4.4. Policy Analysis

4.4.1. Energy Efficiency and CO₂ Efficiency

China’s Energy Policy shows that China is the largest developing country in the world and faces the arduous task of developing the economy, improving people’s livelihood, and building a well-off society. Maintaining long-term, stable and sustainable use of energy resources is an important strategic task of the Chinese government. China’s energy must take a development path of high technology content, low resource consumption, low environmental pollution, good economic returns, and safe and secure development, and achieve comprehensive, clean and safe development. The basic content of China’s energy policy is: adhere to the energy development policy of “saving priority, basing domestic, diversified development, protecting the environment, technological innovation, deepening reform, international cooperation, and improving people’s livelihood”.

The National Climate Change Plan (2014–2020) proposes that by 2020, the carbon dioxide emissions per unit of GDP will be 40%–45% lower than that of 2005, and non-fossil energy will account for about 15% of primary energy consumption. The area of forests and the volume of reserves increased by 40 million hectares and 1.3 billion cubic meters respectively compared with 2005.

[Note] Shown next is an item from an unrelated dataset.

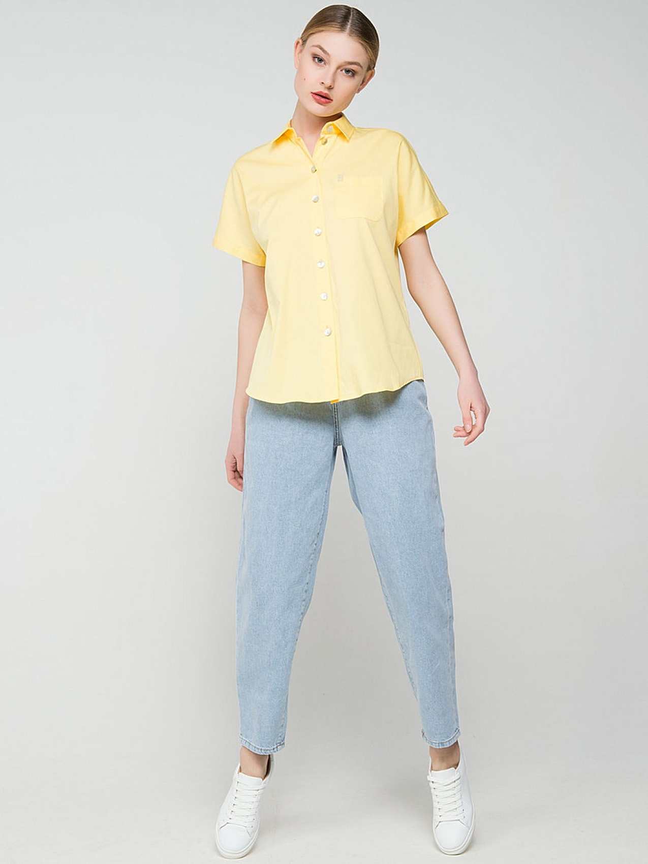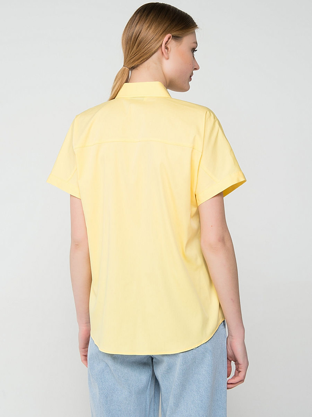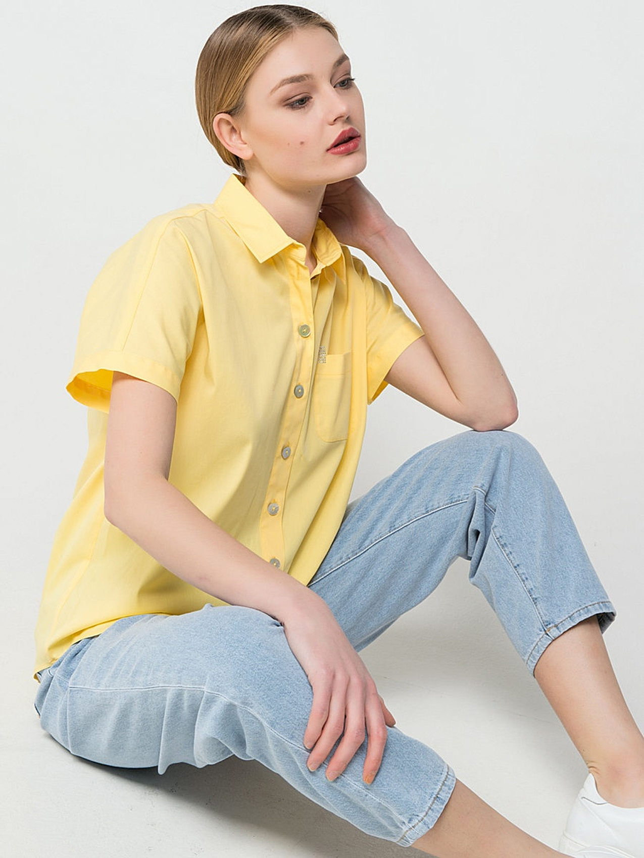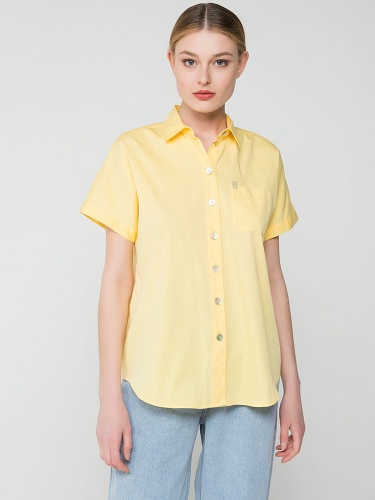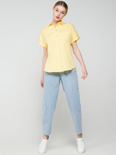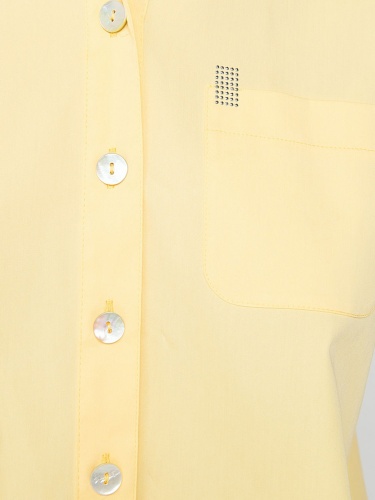 Легкая блузка в трендовом желтом цвете. Отложной воротничок, застежка на пуговицах, короткие рукава, закругленный нижний срез. Элегантная деталь - декорированный стразами кармашек на груди. Эта модель - отличный выбор для летнего делового образа.
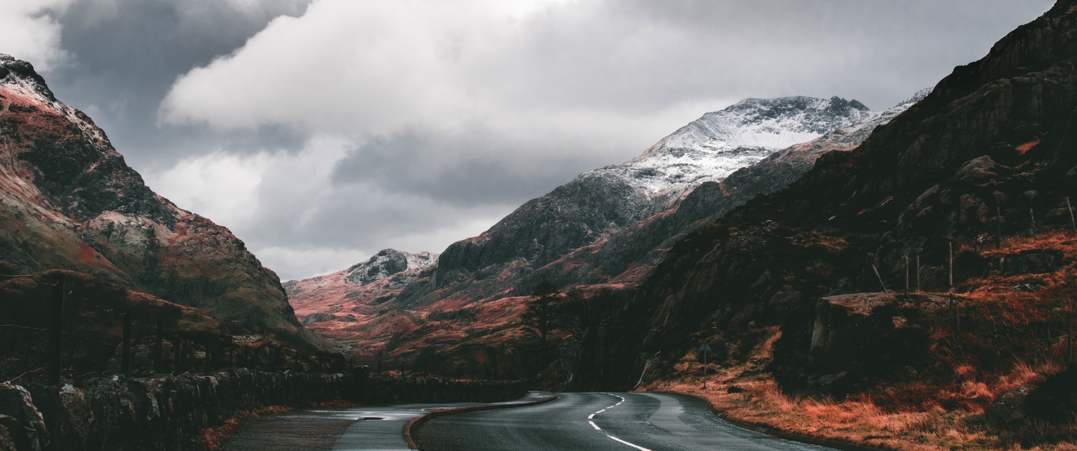 Murky Weather in Dead Valley Mountains and Road - 3440x1440 Ultra WQHD

It can be seen from Figure 2 that the energy efficiency is always higher than or equal to the efficiency of CO₂ emissions. Except for Beijing, Guangdong, Hainan, Ningxia Hui Autonomous region and Qinghai province, the efficiency values of the other provinces are quite different.

According to the analysis in Table 5, the CO₂ emission efficiency value is low, but there is a tendency to increase slowly. Combined with the current status of energy utilization, CO₂ emissions are affected by energy utilization, but most of the energy utilization efficiency values are about 50%, indicating that the current level of China’s CO₂ emission control technology needs to be further improved, as shown in Figure 3.

4.4.2. Water Efficiency and Chemical Oxygen Demand (COD) Efficiency, and Chromium Emission Efficiency

Water use efficiency is relatively flat in 2014–2017, and most provinces are maintained at around 50%, which is related to national water-saving control, but a few provinces such as Xinjiang and Yunnan Province are less efficient, which is related to local government-related policies. It is related to the local population and geographical environment.

For COD emission efficiency and chromium emission efficiency, the utilization efficiency of both are low, and the emissions are high, which is closely related to the development of the national economy.

Except for the efficiency values of all three are 1 of Beijing, Guangdong, Hainan, Ningxia and Qinghai province, water efficiency in Hebei, Henan, Shanxi, Shandong, Shaanxi and Sichuan provinces are higher than that in chromium and COD. The water efficiency values of the other provinces are not the highest, indicating that these provinces can focus on improving the water efficiency value to further improve the efficiency values of the other two, as shown in Figure 4.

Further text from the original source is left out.